DATA TO EXAMINE Start Marker

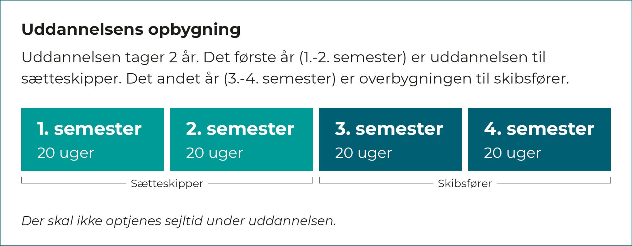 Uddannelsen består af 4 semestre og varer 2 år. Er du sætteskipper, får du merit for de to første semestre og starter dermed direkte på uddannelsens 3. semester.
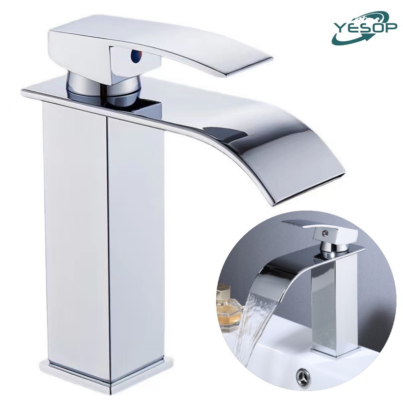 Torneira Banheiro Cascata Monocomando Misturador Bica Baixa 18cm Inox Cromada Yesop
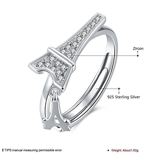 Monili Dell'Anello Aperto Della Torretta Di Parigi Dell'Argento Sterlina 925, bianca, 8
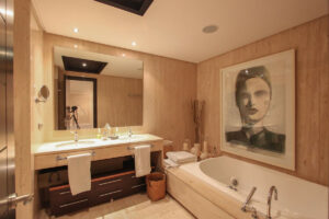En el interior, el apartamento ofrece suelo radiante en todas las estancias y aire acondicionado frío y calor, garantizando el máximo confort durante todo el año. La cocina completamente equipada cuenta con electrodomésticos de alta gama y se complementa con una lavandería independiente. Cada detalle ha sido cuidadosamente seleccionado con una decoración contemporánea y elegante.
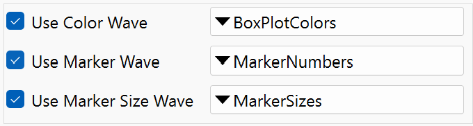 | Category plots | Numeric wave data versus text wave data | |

DATA TO EXAMINE End Marker

> **WHAT THE EXERCISE ASKS**
Give every record back exactly as it reads, with no images.

> **RESPONSE**
 Uddannelsen består af 4 semestre og varer 2 år. Er du sætteskipper, får du merit for de to første semestre og starter dermed direkte på uddannelsens 3. semester.
 Torneira Banheiro Cascata Monocomando Misturador Bica Baixa 18cm Inox Cromada Yesop
 Monili Dell'Anello Aperto Della Torretta Di Parigi Dell'Argento Sterlina 925, bianca, 8
En el interior, el apartamento ofrece suelo radiante en todas las estancias y aire acondicionado frío y calor, garantizando el máximo confort durante todo el año. La cocina completamente equipada cuenta con electrodomésticos de alta gama y se complementa con una lavandería independiente. Cada detalle ha sido cuidadosamente seleccionado con una decoración contemporánea y elegante.
 | Category plots | Numeric wave data versus text wave data | |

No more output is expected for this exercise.